Used an article written by one of you to help guide me through the process. Everything worked out fine, but when I boot into BIOS I have power for about a minute, maybe two, then poof. The system shuts off completely, no warning.

In these small blocks of time I have thumbed through the BIOS enough to know that it knows the ram is there, and it recognizes the processor. I believe that it also see's the graphics card, but no HDD or CD.

Any help would be greatly appreciated!

Asus P5K MoBo
Intel CoreDuo Quad
4bg PNY Optima ram (1GB DDR2 PC5300 X4)
CompUSA PSU (250watts)
CompUSA combo drive
CompUSA Case
WD EIDE hdd (250gb)
ATI Radion 2400 HD Pro graphics card

Thanks!


----------



## kwchang007 (Dec 9, 2007)

It seems like it doesn't have enough power.  A 250 watt psu (probably max rating) for a quad that needs 125 watts and then all your other stuff...I don't think it's going to cut it.


----------



## wtf8269 (Dec 9, 2007)

Yup, you definitely need a better power supply. The PSU Guide should be of some help. Also, for future reference, this is in the wrong section.


----------



## jays (Dec 9, 2007)

I feel like a total idiot. Thanks so much for the advice, I'm off to buy a more powerful PSU.

And thanks, I'll post into a different section next time.


----------



## steelkane (Dec 10, 2007)

I'm shocked it even turned on with that PSU. If you need help on picking a PSU, just ask.


----------



## jays (Dec 10, 2007)

No joke, I'll pay a bit more attention next time.

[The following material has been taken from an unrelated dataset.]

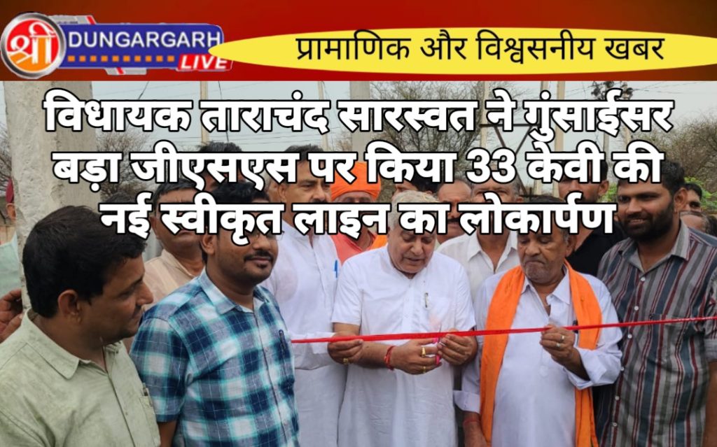 श्रीडूंगरगढ़ विधायक ताराचंद सारस्वत ने गुरुवार को गुसाईंसर बड़ा जीएसएस को 33 केवी की एक नई लाइन से जोड़ने के कार्य का लोकार्पण किया। विभाग द्वारा 20 किलोमीटर लाइन खींच कर गुरूवार को इसे चालू कर दिया गया है। विधायक ने फीता काट कर इस कार्य का लोकार्पण किया और ग्रामीणों को बधाई दी। इस अवसर पर सारस्वत ने कहा कि क्षेत्र में निर्बाध बिजली आपूर्ति सुनिश्चित करवाने के प्रयास किए जा रहे हैं। जिससे खेती उद्योग के साथ घरेलू उपभोक्ताओं को राहत मिल सकेगी।
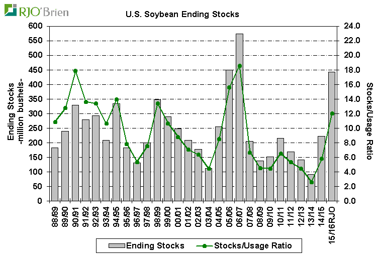 · Soja : carry 2015/16 en baisse de 20M à 450M.

So used to the ratings of processors of old.

I'm picking up a 500watt psu today.

Thanks again for the help!


----------



## Grimskull (Dec 10, 2007)

might go higher than a 500Watt.

have a look at the Corsair hx620.... it modular (detach unwanted cables) and powers everything that you need.


----------



## cdawall (Dec 10, 2007)

500w is just fine the HD2400 pulls almost no wattage


----------



## jays (Dec 13, 2007)

I considered going higher, but thought I would be just fine as the HD2400 really doesnt pull much power.

However, I got about an eighth of the way through the format upon first install, and it shut off. Nothing was hot, seemed to be the same issue (I can't imaging, or find anything that would suggest, that it has a feature to turn off after some time of not receiving user input). 

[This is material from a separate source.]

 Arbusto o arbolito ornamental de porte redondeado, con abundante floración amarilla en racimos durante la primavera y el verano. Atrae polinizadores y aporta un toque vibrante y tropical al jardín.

Not only this, but now when I restart boot up, I get an error message stating "Operating system error."

Wierd. I'll ask some folks, maybe get a more powerful PSU again.

Any thoughts would be great, again!

Thanks!


----------



## cdawall (Dec 13, 2007)

and the quad wont pull over 150watts even under load  not to mention its only 2X drives.. nothing in there should max out a good 500watt


----------